Life, as we all know has a funny way of taking us down paths we don’t expect. That guiding power, that isn’t us… my higher power, whom I call God, has always had different plans for me. I being a stubborn, and often defiant firstborn child (to name a few of my defects) doesn’t always listen. I still tried to do things my own way, to come up with my own fix. Trying and retrying the same thing over and over and over again… ah, the insanity of it all.

Needless to say, God did indeed have bigger plans for me. So in the fall of 2017 He ever so lovingly nudged me, by allowing a series of very uncomfortable events to push me to just reach out for council and I instead was provided an open door. It was then that my then 15yo daughter and I would leave the only home she ever knew in a small rural community, to the bright lights of a big city. It was here, that we, my daughter doing so first, found solace. I watched this young girl, so broken and damaged from her previous environment, begin to thrive… she had finally found her place. She excelled in the classroom, extra-circular activities and even finished all required classes a semester early, doing all of this during a pandemic! She is now in the second semester of her sophomore year at college, where she continues to thrive and works hard and perusing her dreams. She once was the little caterpillar that perhaps maybe even got knocked of the leaf it tried to attach to, but God placed her on a firmer branch and allowed her to stay safe and warm, to thrive and grow until it was time for her to spread her wings and fly.

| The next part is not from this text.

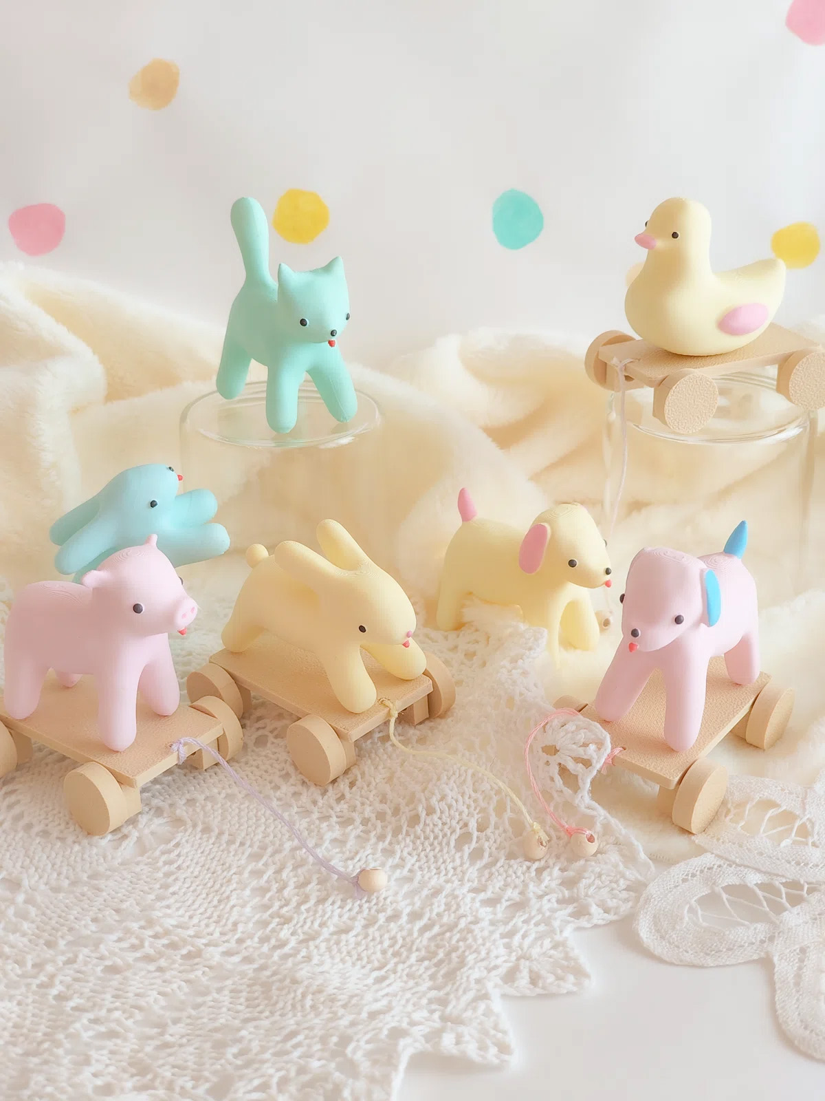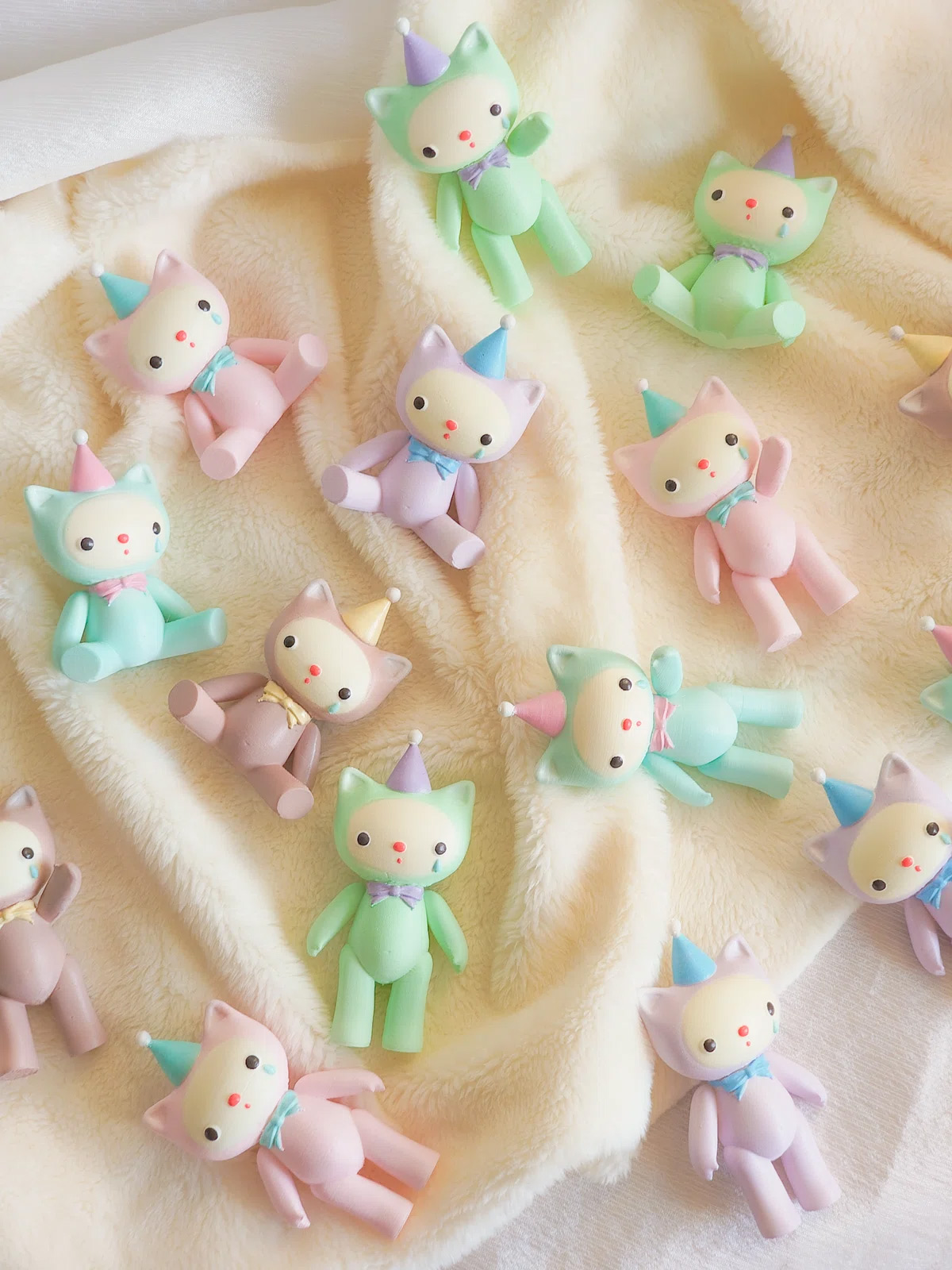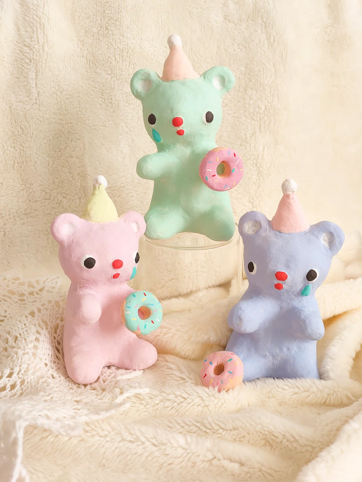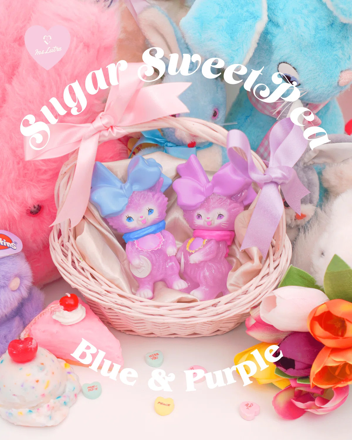 薄くミントが香るような透明ゼリー色のうさぎちゃんが、それぞれホイップクリームのようなボンネットをかぶっています。爽やかなVanill Bann¥とお天気の日にお散歩してね♡

I told you that God had bigger plans for me, and our move to the “big city” allowed me to find something that I didn’t realize I had even lost, that is until I found it once again. Because of my job, I couldn’t move immediately with my daughter, and the time separated from her was difficult. But what was more difficult, was packing up the chaos that had been my life in that little town for nearly 18 years. I found myself trying to pack and being overwhelmed, trying to downsize, purging a lot of things for the sake of my sanity. I would love to be able to say that I took things to our local thrift shop or to the Goodwill that was 20 miles away, but sadly I took most of the things I didn’t keep to the local dump. It wasn’t worth anything to anyone and it simply needed to be done, little did I know there would be internal purging in the months to come.

The first year was a time of settling in, getting used to all new things around us and trying to learn to manage in the new environment. It wasn’t all sunshine and roses, but it was an improvement of our life the year before, and for the first time in a long time, it had promise. Yet, in the midst of all the adjusting, trying to manage the changes, I knew I needed help; some comfort from the only true safe place I knew. It was a place that was easy to find, as easy as pulling out my phone and doing a google search… but more about that later.

I want to end with a follow up to the above mentioned disclaimer. The name of this blog, this platform allowing me to toss my words onto… is now about the silence that surrounds me when I take the time to truly listen to what He might be trying to tell me. Another disclaimer, fully honest, I don’t always listen well, as He has been quietly telling me for some time now, months really, that I need to be writing. You see as much as I have loved sharing my real-life happenings, sharing the joys and accomplishments of my children over the past years with past sites. For years, I have known, without a doubt, and especially once I finished my degree in 2020, that I need to share my story, to write the memoir of my survival of the abuse I endured as a child and teen at the hands of my father. I have been silent far too long, it is time to speak up, to share my words, my heart and soul; so that I might just maybe help one girl, one woman who is still hurting from the same pain and hurt. Perhaps buried and never spoken, silent.

Join me in the silence, that it might be broken.